# trouble adjusting the depth of my Craftsman router



## JohnnyB60 (Jun 15, 2009)

Hello everyone, just in case you haven’t seen my introduction, I’m one of the new guys trying to learn a little something about my router. 

I’m having a lot of trouble adjusting the depth of my Craftsman router with the plastic depth adjustment ring. I’ve been told to lubricate it which, I was hesitant to do, but I sprayed WD40 on the threads anyway. It helped a little, but not much. I don’t ever remember it being easy and I avoid using it. I’m now wondering if I’m missing something. 

I’m going to try and post a photo, but I want to know how far is the lever suppose to rotate. It only moves 90 deg and I think it should loosen up more than that.


----------



## Mike (Nov 22, 2004)

90 degrees is normal for the adjustment locking lever. There may be crud between the router motor and base. Cleaning and wiping dry should take care of this. Some of the models need adjustment, a few have ball bearings which love to take flight. I would take the router to Sears and ask for assistance with it. That way if they screw it up they will replace it with a new one or at least send it to repair at no charge.


----------



## JohnnyB60 (Jun 15, 2009)

Thanks Mike, I tried to take the base completely off to see what’s up, but it only goes to the end of the threads and that’s it.


----------



## tdsapp (Apr 23, 2009)

Wow, that looks exactly like the router I am just replacing. While taking a look for some information I discovered that Ryobi did a bit of building of routers that were labeled as Craftsman. It might be the same design so this link might help a bit.

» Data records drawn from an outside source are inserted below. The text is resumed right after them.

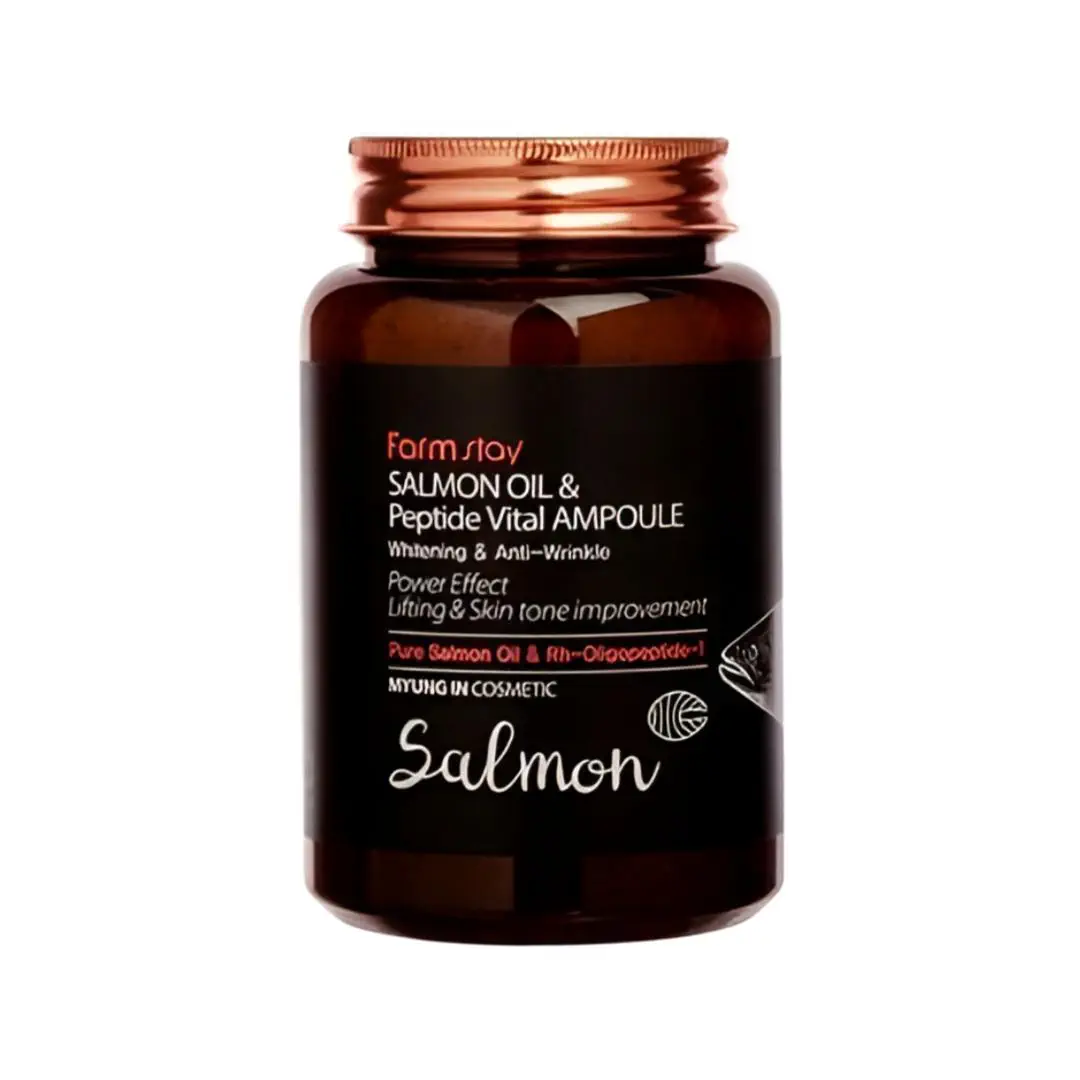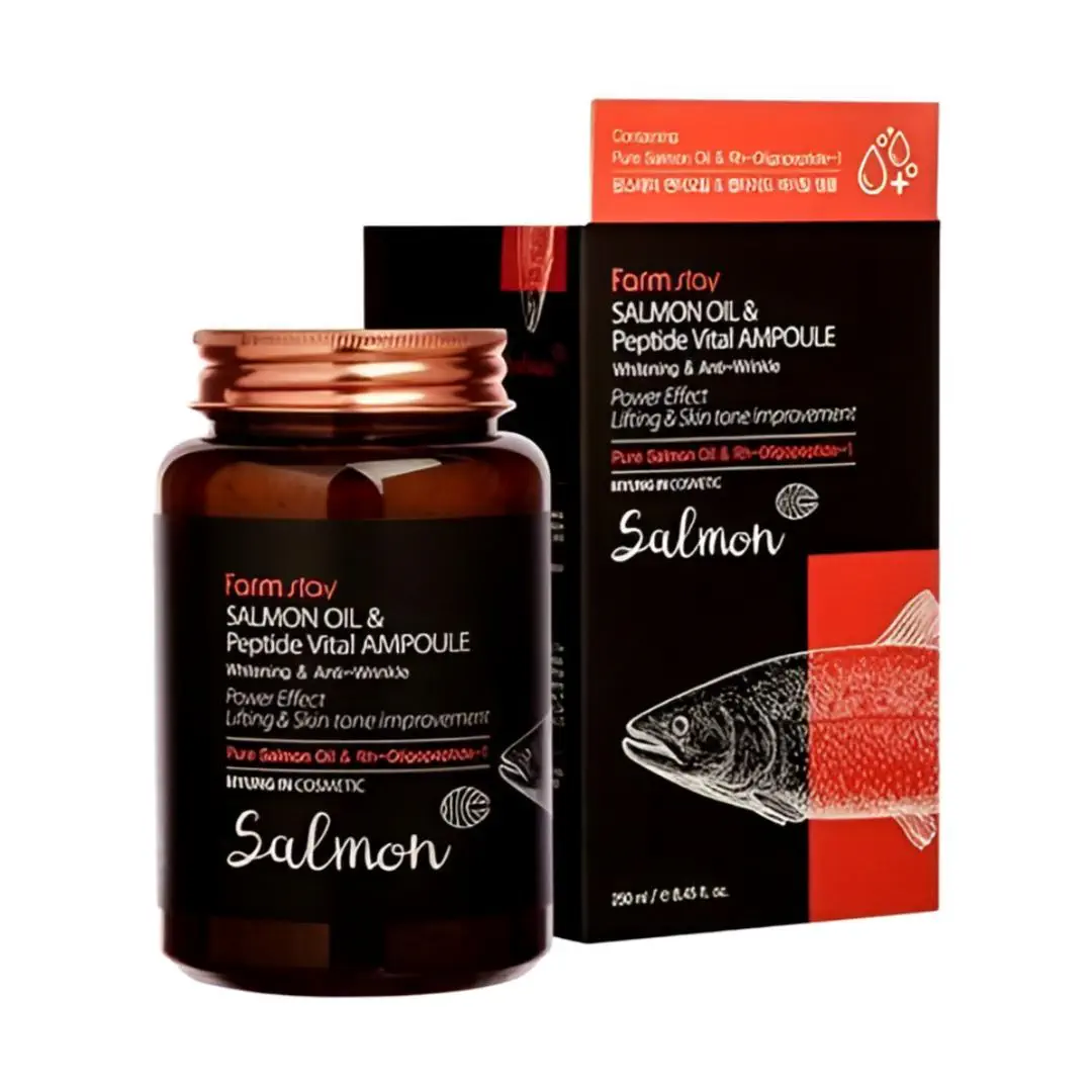 سرم آمپولی روغن سالمون و پپتاید فارم استی Farm stay SALMON OIL & Peptide Vital AMPOULE محصولی 250 میلیلیتری است که پوست را روشن و سفت میکند. با روغن سالمون و پپتاید، جوانی پوست را بازمیگرداند.
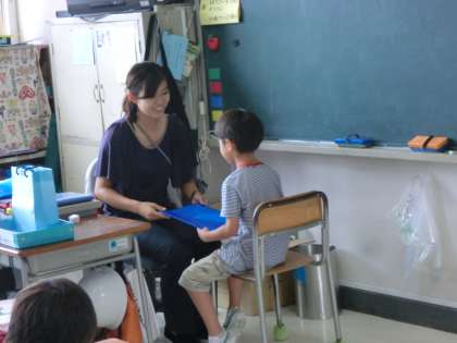 各クラスでは、子供たち一人一人に通知表が渡されました。通知表には、子供たちのがんばりがたくさん詰まっています。そのがんばりを一人一人ていねいに伝えていく担任。得意なことも苦手なことも、がんばったことももう少しがんばりたいことも、子供たち自身もしっかりと1学期の成長を受け止め、夏休みにつなげていってほしいと思います。
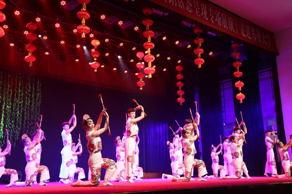 演出中,悦耳的霸王鞭、俏皮的颠花挑、豪气的大碗酒、喜庆的扭秧歌等极富中原民间乡味的舞姿让在场师生大饱眼福。模拟农民春耕场景,寄托人们“人强牛壮,丰收在望”的《打春牛》在表现农民兄弟质朴的品格,勤劳的本色的同时,也体现了他们对于生活的热爱;以河南著名民歌《编花篮》为蓝本创作的舞蹈《摘棉花》表现了一群妙龄少女活泼欢乐的劳动场景,轻盈灵动的舞姿,别具匠心的服装道具让人过目不忘;压轴舞蹈《抬花轿》将国家级非物质文化遗产“高抬火轿”和河南秧歌融合在一起,展现了河南秧歌特有的“大脚踩,大手甩”的特征以及独有的执扇方式和脚下律动。
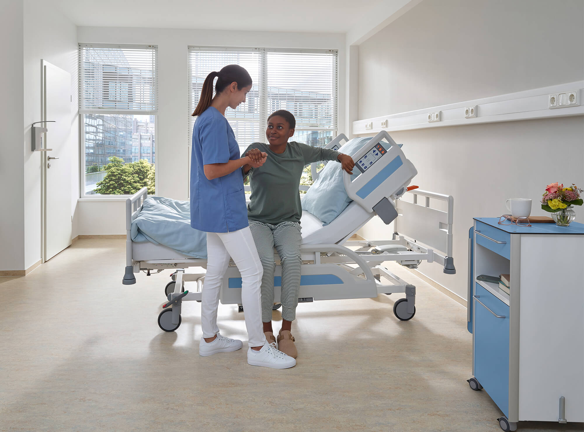 Evario one 集合多种理想的资源:符合人体工学的手持遥控,与分体式安全护栏配合使用的轻型集成控制面板,位于床尾的护士控制面板有不同尺寸选项(S和M),以及方便的脚踏板可用于调节高度。针对不同的使用类型,均有理想的组合可供选择。
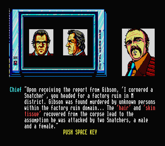 On today's issue of MSX Snatcher shots, I deal with an LSD junkie and combat a couple. They all deserved it, I swear! Just as a warning, this part includes NUDITY! More than likely, however, this will actually make people WANT to look, but whatever.
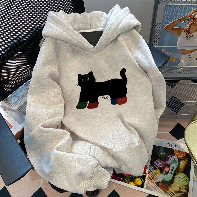 100%纯棉美式街头猫咪印花白灰色连帽卫衣女秋冬宽松潮流百搭上衣
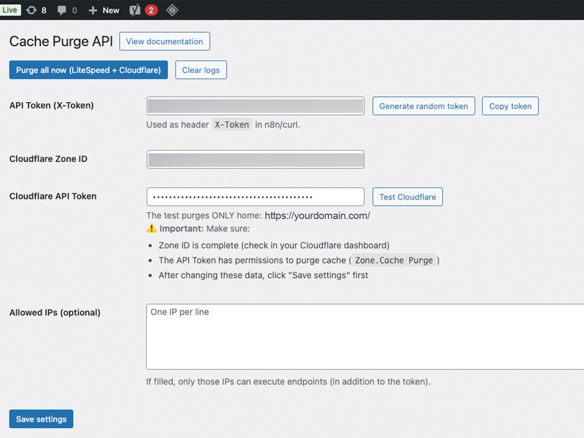 Purge avanzado de caché para WordPress vía API REST Compatible con LiteSpeed Cache y Cloudflare. Ideal para n8n, automatizaciones, WooCommerce, CI/CD y flujos avanzados.

www. m-and-d.com/pdfs/ryobi_tool/R161.pdf

You will have to copy and paste the URL to your browser and remove the space between the . and the "m". I don't have enough post to be able to add URLs to my messages. 

Tim


----------



## JohnnyB60 (Jun 15, 2009)

tdsapp said:


> Wow, that looks exactly like the router I am just replacing. While taking a look for some information I discovered that Ryobi did a bit of building of routers that were labeled as Craftsman. It might be the same design so this link might help a bit.
> 
> www. m-and-d.com/pdfs/ryobi_tool/R161.pdf
> 
> ...


It sure looks like the same one. I have to go to work now, but I’ll take another look when I get back. Thanks Tim.


----------



## JohnnyB60 (Jun 15, 2009)

Tim, that Ryobi is the same router as the Craftsman. I want to ask you if you have trouble raising and lowering the base. Is there any way to jump to fast forward or do I have to turn that adjustment ring every time?


----------



## tdsapp (Apr 23, 2009)

I did not have a problem adjusting the bit levels. It was a bit tight but nothing major. What I had a problem with was it staying in the same place once locked. I would lock the adjustment, and when I turned on the router I could see the yellow wheel spin and the bit would start to drop. That made it very hard to do anything with the router. 

I still plan on pulling apart the router and see if there is anything that I can do to fix it. I just used it as an excuse to get a new tool that had more features. ;-)

Tim


----------



## JohnnyB60 (Jun 15, 2009)

tdsapp said:


> I did not have a problem adjusting the bit levels. It was a bit tight but nothing major. What I had a problem with was it staying in the same place once locked. I would lock the adjustment, and when I turned on the router I could see the yellow wheel spin and the bit would start to drop. That made it very hard to do anything with the router.
> 
> I still plan on pulling apart the router and see if there is anything that I can do to fix it. I just used it as an excuse to get a new tool that had more features. ;-)
> 
> Tim


It sounds like you have the exact opposite problem that I do. Mine is too tight and don’t want to move and yours is too loose. I wonder if there is a way to adjust the lock.


----------